It wasn’t easy.
Every firm invited to submit qualifications for the design of the Academy’s museum boasted an impressive portfolio, proven abilities to manage complex projects and intelligent approaches to architectural problems. The architect selection subcommittee, chaired by AMPAS governor Jeannine Oppewall, and made up of Charles Bernstein, Arthur Cohen, Arthur Hamilton, Curtis Hanson, Kathy Kennedy, Frank Pierson and Steven Spielberg, with Sid Ganis, Bruce Davis and I sitting in, found itself focusing on three important criteria.
Aesthetics
Did we think the aesthetic approach was appropriate for the Academy, the museum, Hollywood, and the greater Los Angeles area? Did we want to be looking at, working in, and living beside this firm’s work for the next hundred years?
Sensitivity to Program
Frankly stated, “Would this architect listen to us?” Not all architects put the same effort into understanding a client’s needs. Some focus more on making an architectural statement. An architectural statement might generate a lot of interest, but if the building doesn’t work for its users, that interest can be short-lived.
Budgetary Responsibility
Coming in on budget is not solely the responsibility of the architect (the client and the general contractor have a hand in that too), but it’s a responsibility that some architects take more seriously than others – and one that some firms are simply better at than others.

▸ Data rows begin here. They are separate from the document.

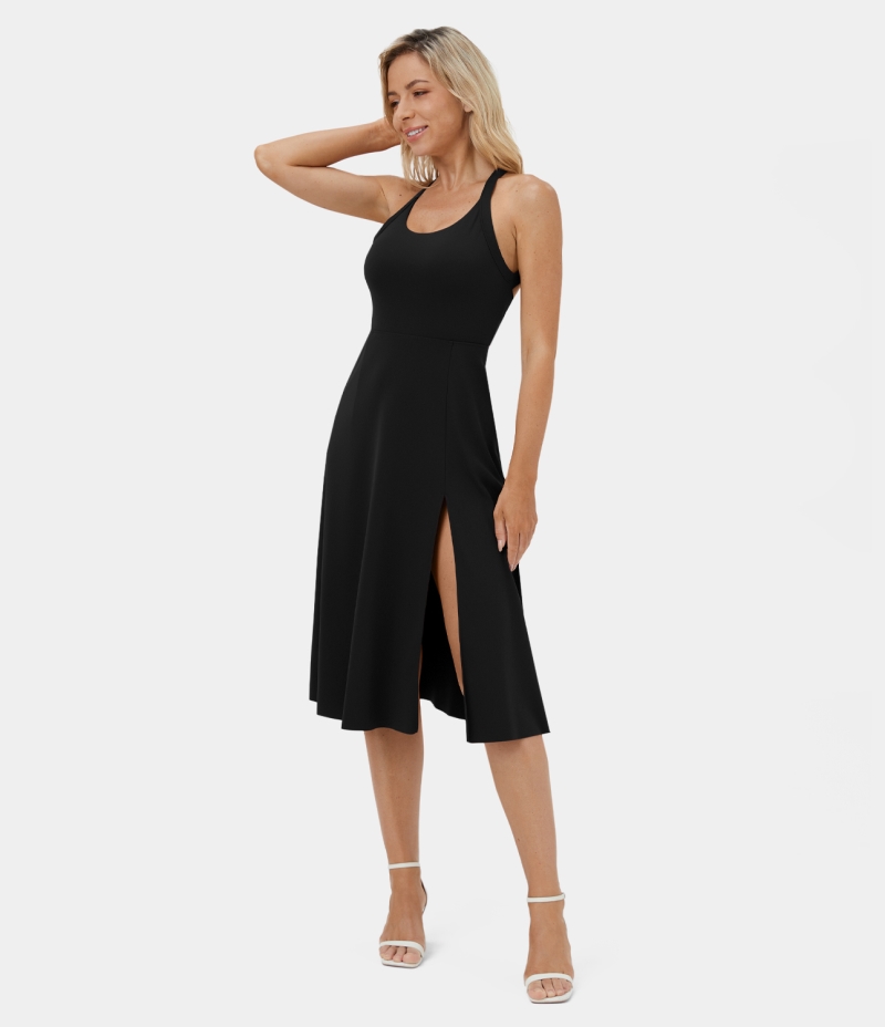 :: Halara Backless Cut Out Twisted Side Pocket Split Midi Casual Women's Dress Black | 537948-UOK
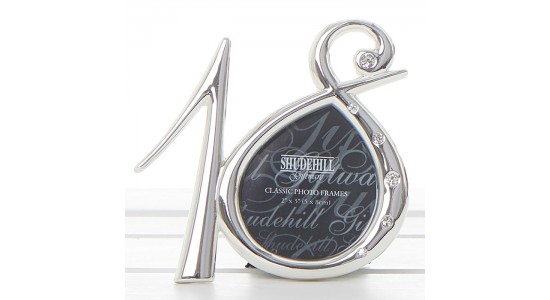 Silver finished number 18 shaped photo frame with 6 diamante jewels. Holds a 2 x 5" portrait photograph.
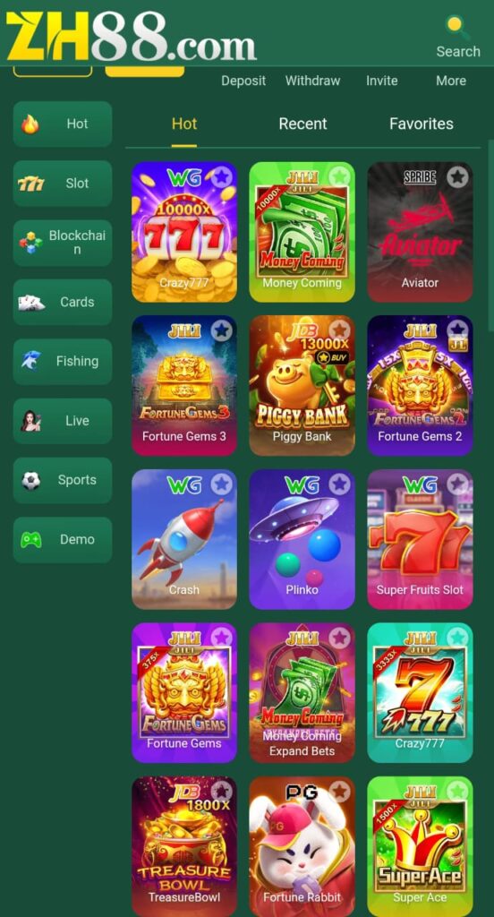 ZH88 Game App most trending game or live dealer, excellent jackpot, real cash, machine games and best betting games for earning users in Pakistan…
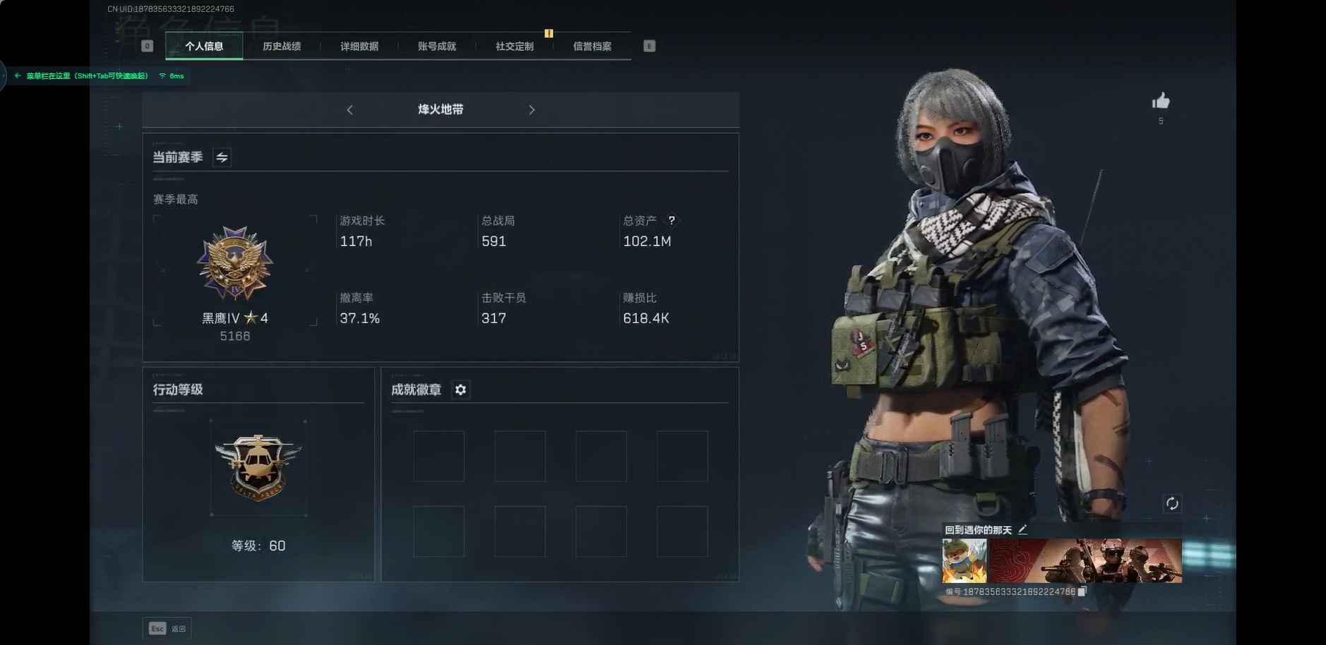 [11684160]总资产:102.1M 11传说枪械 哈夫币:61.758K 进阶安全箱(2×2)9.15号到期 可二次 可修改实名 烽火地带段位:黑鹰 全面战场段位:无段位 传说武器皮肤:SR-25射手步枪-水墨云图,M16A4突击步枪-狩猎时刻,M4A1突击步枪-阿米娅,CAR-15突击步枪-阿米娅,复合弓-黑-天际线,Vector冲锋枪-狩猎时刻,G3战斗步枪-狩猎时刻,AWM狙击步枪-捞点薯条,腾龙突击步枪-捞点薯条,93R-捞点薯条,勇士冲锋枪-能天使-午夜邮差 史诗武器皮肤:M16A4突击步枪-竞赛选手,MP5冲锋枪-深海恐惧,勇士冲锋枪-深海恐惧,SG552突击步枪-深海恐惧,AKM突击步枪-林中猎手,M1014霰弹枪-林中猎手,SV-98狙击步枪-林中猎手,PTR-32突击步枪-英雄,M250通用机枪-囚徒,SCAR-H战斗步枪-囚徒,QBZ95-1突击步枪-曙光,Vector冲锋枪-阿萨拉文明,SVD狙击步枪-阿萨拉工艺
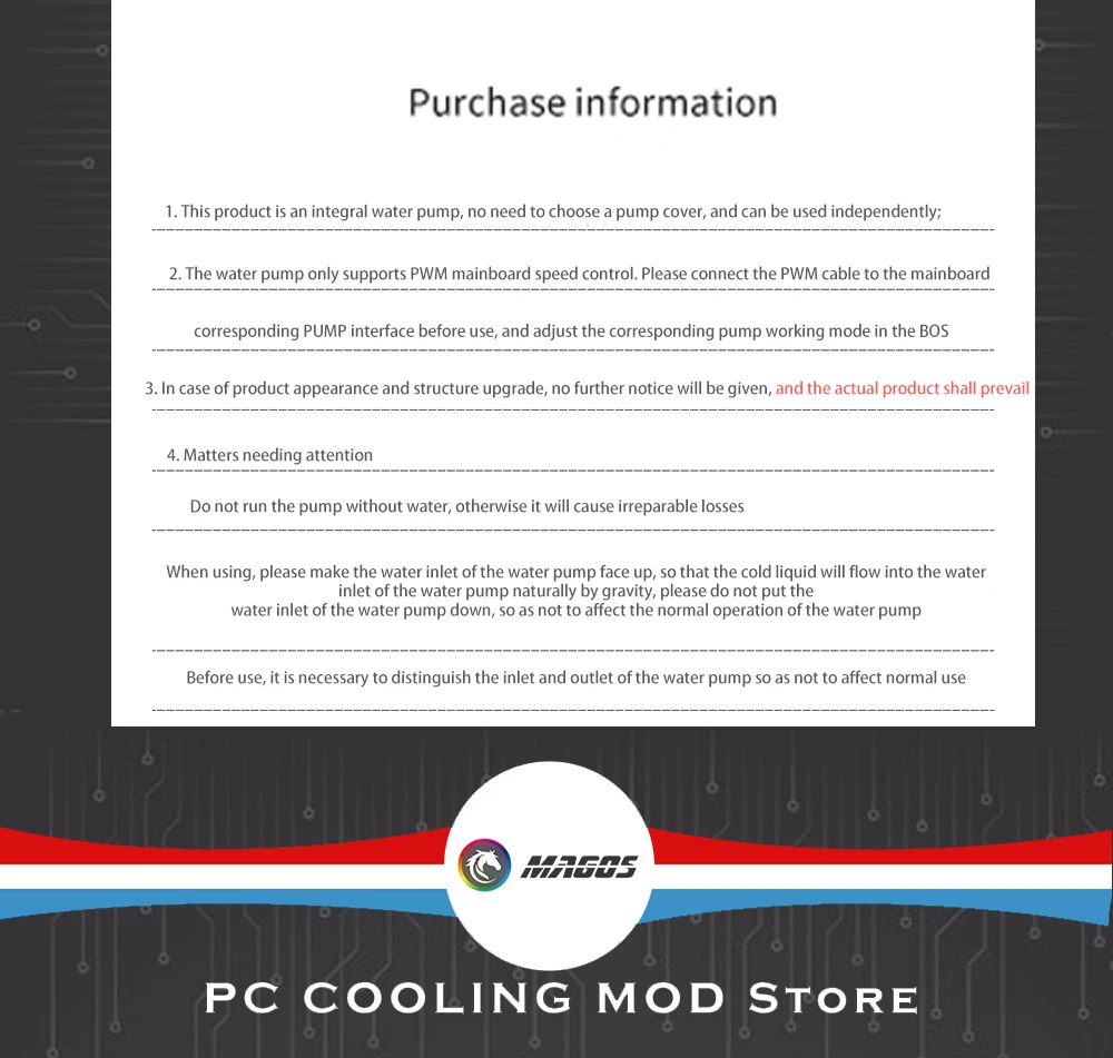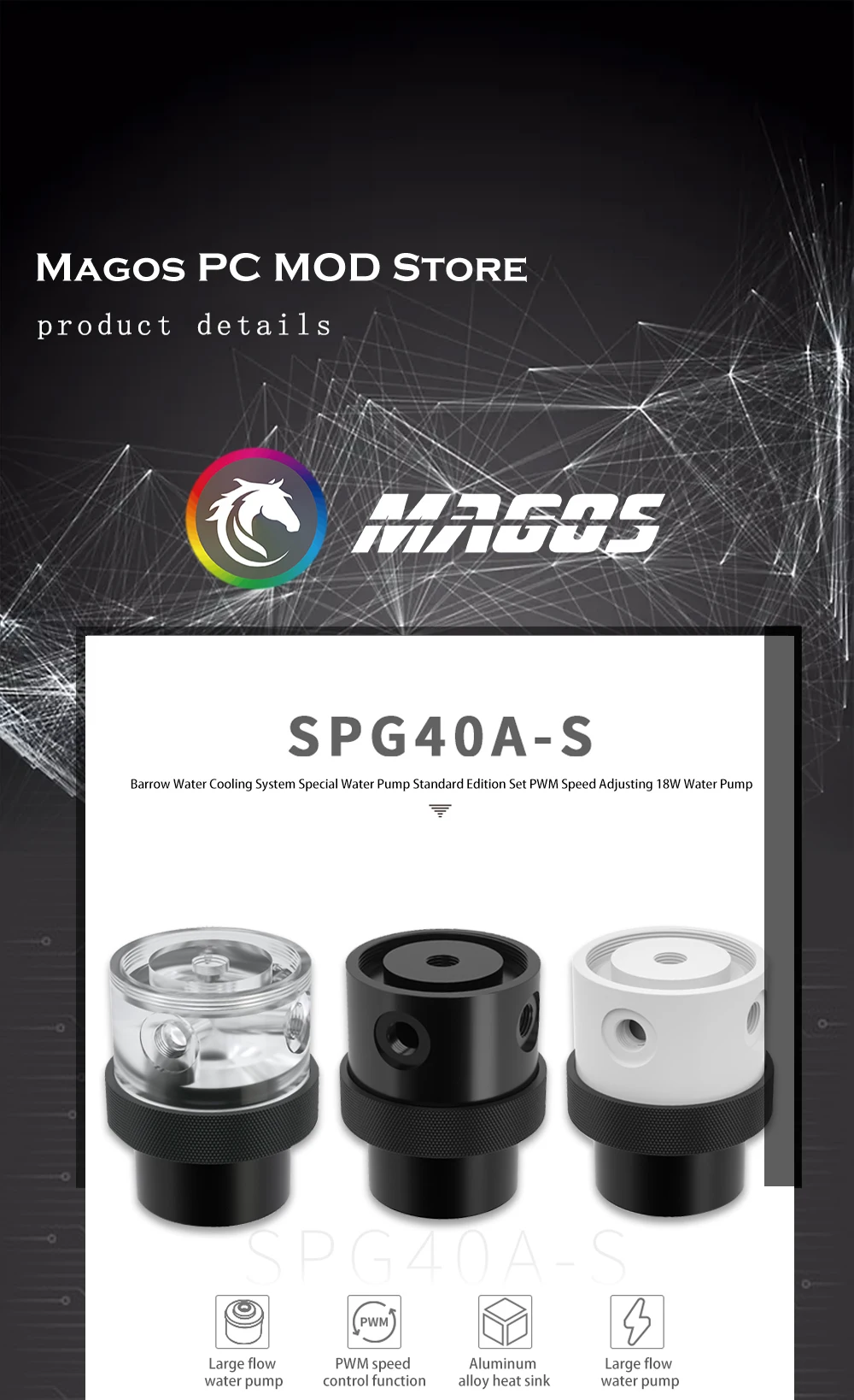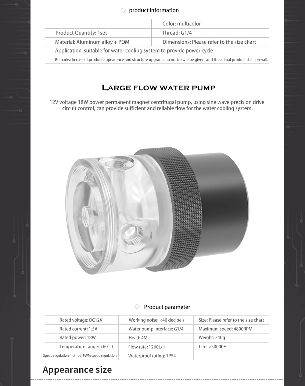 Diseñado para el sistema de refrigeración por agua, puede proporcionar suficiente potencia circulatoria para el sistema y mantener un estado de funcionamiento estable a largo plazo Nota: Se puede utilizar de forma independiente, incluyendo el núcleo de la bomba, la cubierta de la bomba y la carcasa de aleación de aluminio de media cubierta, por lo que se puede utilizar de forma independiente. Hay una variedad de opciones de combinación de colores, consulte el Servicio de Atención al Cliente específicoModelo: SPG40A-S Interfaz de señal: 4 pines grandes + control de velocidad automático PWM + retroalimentación de datos Tipo de bomba: bomba síncrona de imán permanente Tecnología de accionamiento: cuatro PCB, todo de estado sólido Velocidad de carga: Max4800rpm Consumo de energía de voltaje: TOP18W DC12V Rango de voltaje: 8V-16V Cabezal de salida: 4 metros Flujo máximo: 1260L/H Temperatura de funcionamiento: 38 grados por debajo de 4000rpm Material de la cubierta de la bomba: POM/PMMA Material de la carcasa del radiador: aleación de aluminio Servicio de Atención al Cliente: reemplazo gratuito por fallos no humanos dentro de 1 año (no dañe la cubierta de la bomba en las etiquetas de garantía, ya que si se daña perderá el servicio de garantía)
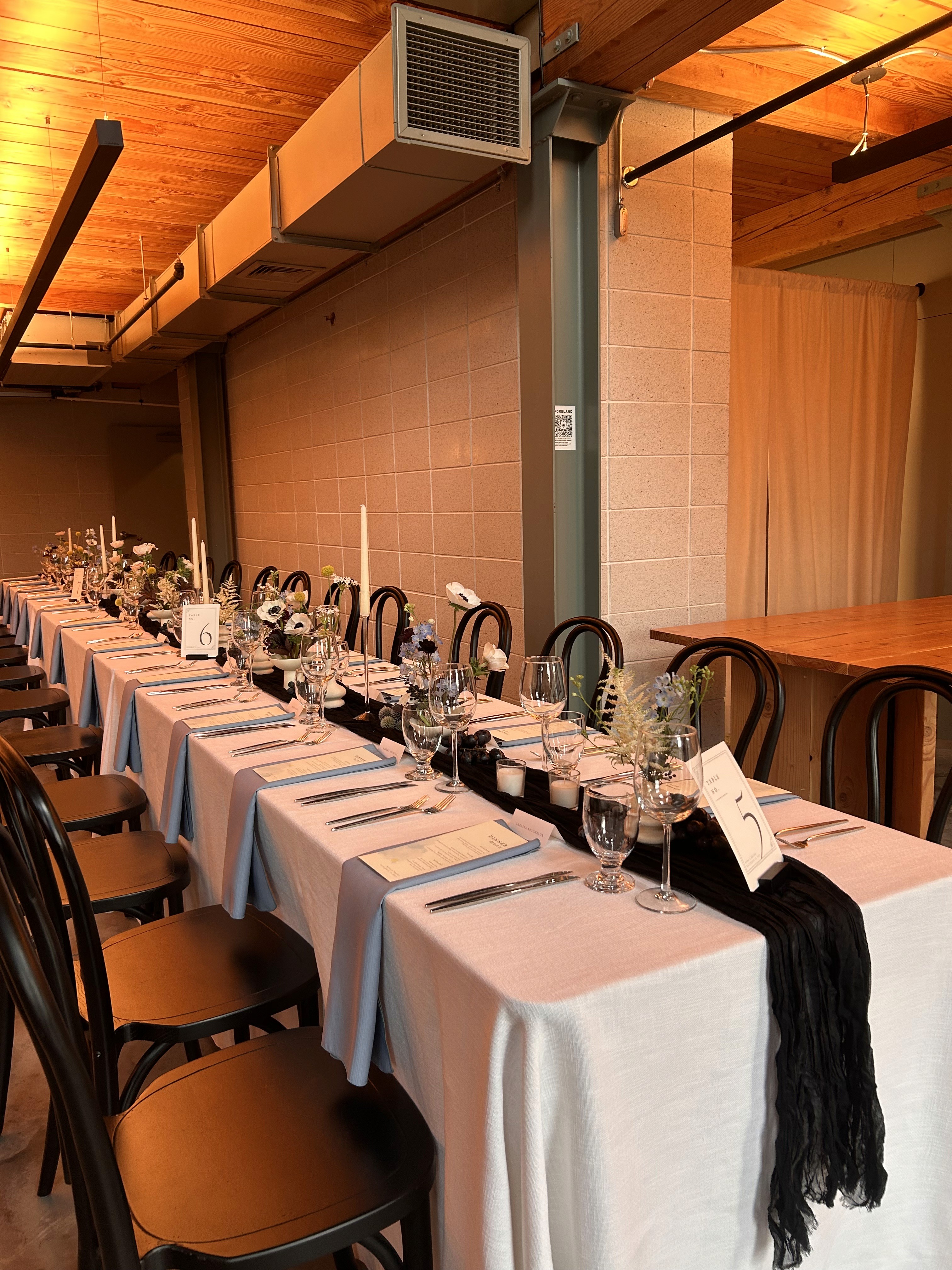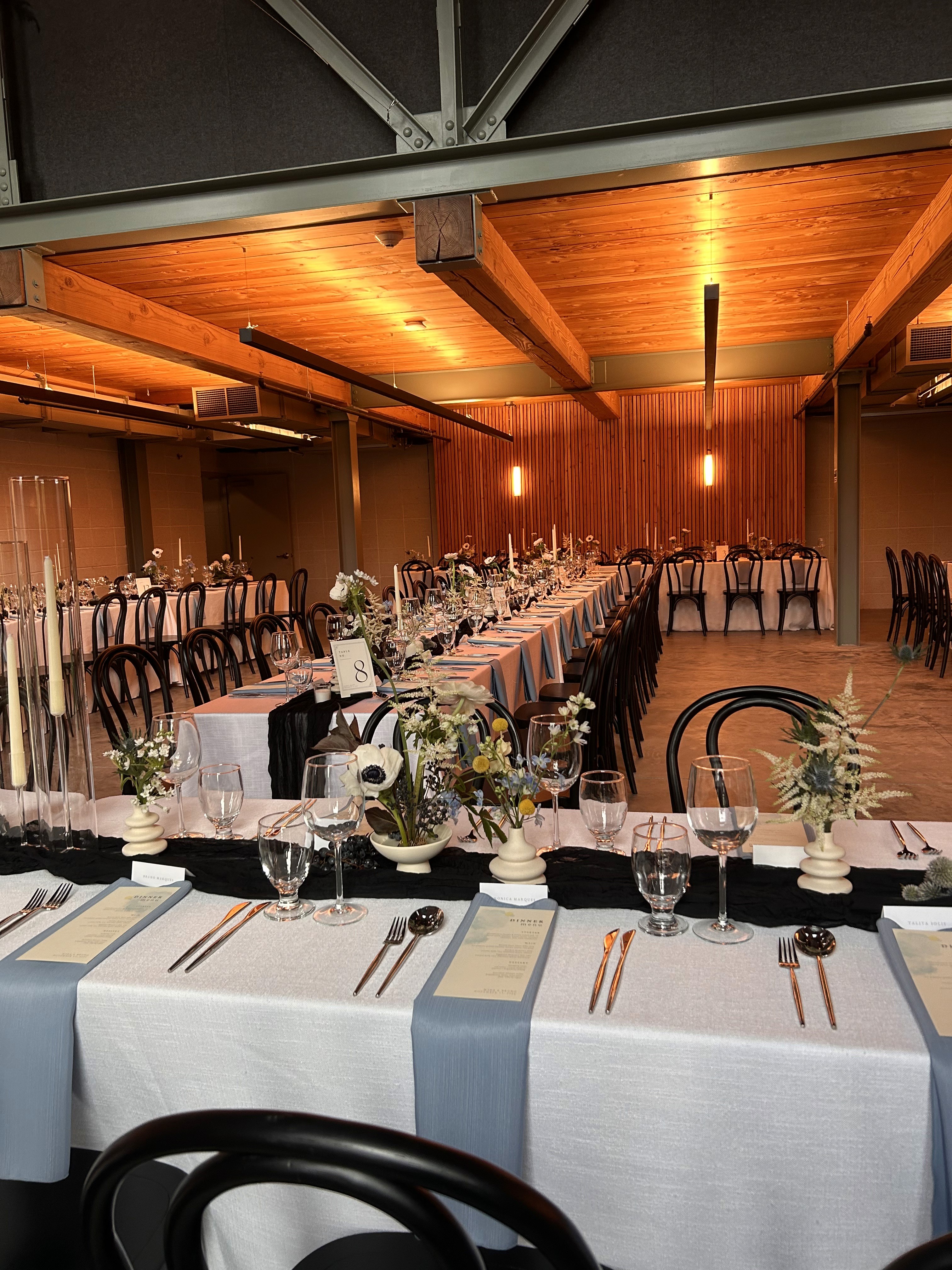 The centerpiece of the project was a large‑scale suspended cloud of baby's breath, mounted above the center table using wire drilled into the venue's brick structure. Despite being made entirely of light, delicate material, the sheer volume and density of the cloud gave it a dramatic, almost heavy presence. That tension between lightness and scale became the defining quality of the piece, hovering between weightlessness and gravity, softness and command.
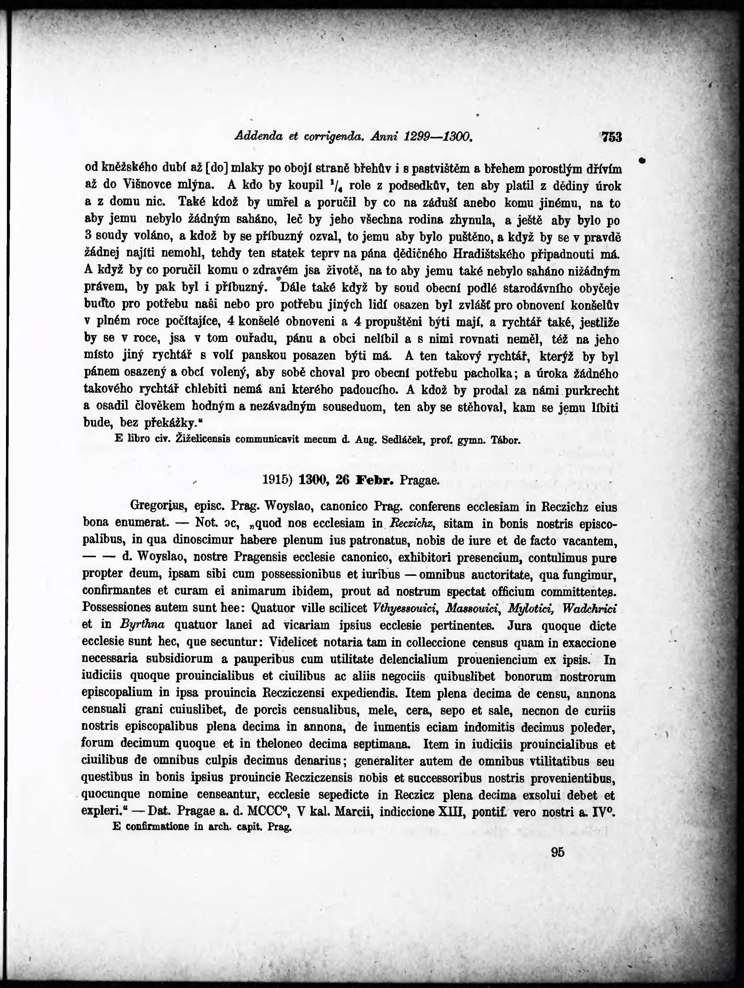 * Volná část monografie: svazek - Regesta diplomatica nec non epistolaria Bohemiae et Moraviae
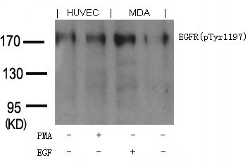 免疫原:Peptide sequence around phosphorylation site of tyrosine 1197 (A-E-Y(p)-L-R) derived from Human EGFR.

Assessing a lengthy list of international architects on this criteria took time. Two years, to be exact. We began with more than 150 candidates on a lavishly illustrated roster put together by our staff, by architect Fran Offenhauser, who oversaw remodeling of the buildings that are now our Fairbanks and Pickford centers, and by our formidably conscientious chair Jeannine Oppewall, who became so devoted to the project that we began to worry she might be deflecting production design jobs to stay with the museum project.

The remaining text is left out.